Hirsch foresees the likelihood of gas rationing as a reactive answer to our current inability to begin cutting back our consumption. Nature will exact her price, whether we are willing to pay for it significantly now or drastically in the near future. Our techno-optimists tell us that technology will come to the rescue. The nice thing about holding this position is that no one has to act responsibly or like an adult. It was once the case that adults acted with prudence, awaiting not the best case scenario but preparing for the possibility of a worse. Our liberals and conservatives alike tell us that technology will save us, but mark my words, when TSHTF they will be the first to blame someone else: the Saudis, the Iranians, the Russians, Hugo Chavez, you name it. Our impressive military will be called upon to secure our vital national interest, wherever it might happen to be buried. And at that point no one will be able to suggest that perhaps we have ourselves to blame, because we did nothing when intelligent but obtuse people knew what was coming at the end of our wild ride down Sunset Boulevard.

THIS IS WHAT HAPPENS when a society lives beyond its means. This is the very real consequence of sin, of avarice on a societal scale.

We have gotten what we wished for. It didn't make us happy, nor did it sate our appetite for more, more, more. And now we're going to lose it. All.

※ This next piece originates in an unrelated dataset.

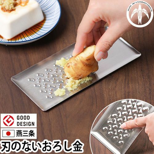 燕三条発!50年以上の歴史を持つ金属加工会社トミタが作る、刃を使わない「トミタ式おろし金」。刃がないからすりおろしのときに手を切らず安心、安全。にんにくなど小さな食材も最後まで擦り切れて、目詰まりをとるスクレーパーも必要ありません。洗う時のスポンジも引っかからずお手入れ簡単♪仕上がりはふわふわ食感。おろしたての香りと味わいを気軽に楽しめます。
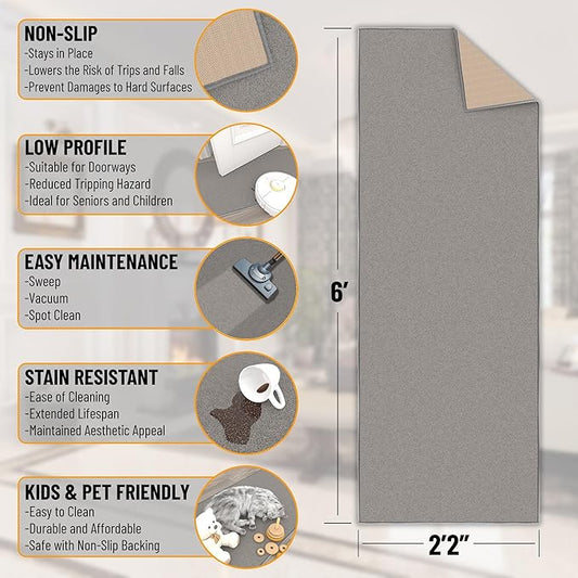 Ottomanson Hallway Runner Rug 2'2" x 6' Non Slip Solid Area Rugs Easy to Clean Laundry Rug Runner Durable & Pet Friendly Floor Carpet Runners for Hallways Entryway Living Room Kitchen, Gray

A lot of fundamentalist types -- of both the Protestant and Catholic persuasions -- thought they had it figured. The wrath of God will come upon us, borne on the waves and winds of a monster hurricane. Or shake the world with the power of an earthquake.

Engulf the world in a nuclear fire?

INSTEAD, maybe God's just chastisement of His deeply crooked people will come in with the relative quiet of oil wells slowly going dry. One after another, world without end, amen. Maybe the judgment of the Almighty comes, as it always has, in giving rebellious and willful humanity all the rope it needs -- plus free will.

If and when our Western house of cards comes tumbling down upon us, don't blame God. We could have been less avaricious. We could have lived more simply. We, at any time, just could have cut it out.

We didn't have to be our own hangman. We didn't have to take the rope and make a civilizational noose out of it.

IT'S NOT God's fault. It's ours.

Did you really need that $35,000 SUV? Did you really need two of them? Does your family need to be a three- or four-car family?

Did you really need that 4,500 square-foot house in the exurbs? Did you need to live in the exurbs -- or even the suburbs -- at all? Did I?

Does everybody in the family need two cell phones, a BlackBerry, three iPods and a mega sound system in each car?

Do you need Evian, Aquafina or any other kind of bottled water (and the petroleum needed to make the throwaway plastic bottles it comes in) when the stuff out of the tap is the same two parts hydrogen and one part oxygen?

AND WHAT ABOUT the $250 -- a piece -- you just dropped on Hannah Montana tickets for your two preteen daughters, who really, really didn't need to go to a damn Hannah Montana concert? You'd raise holy hell if your county government imposed a $500-a-year tax on you to build and subsidize convenient, low-cost, energy-efficient mass transit.

Yes, you would.

Well, now the conductor is coming down the aisle, announcing the end of the line. Your fare card is spent. Please exit to the back.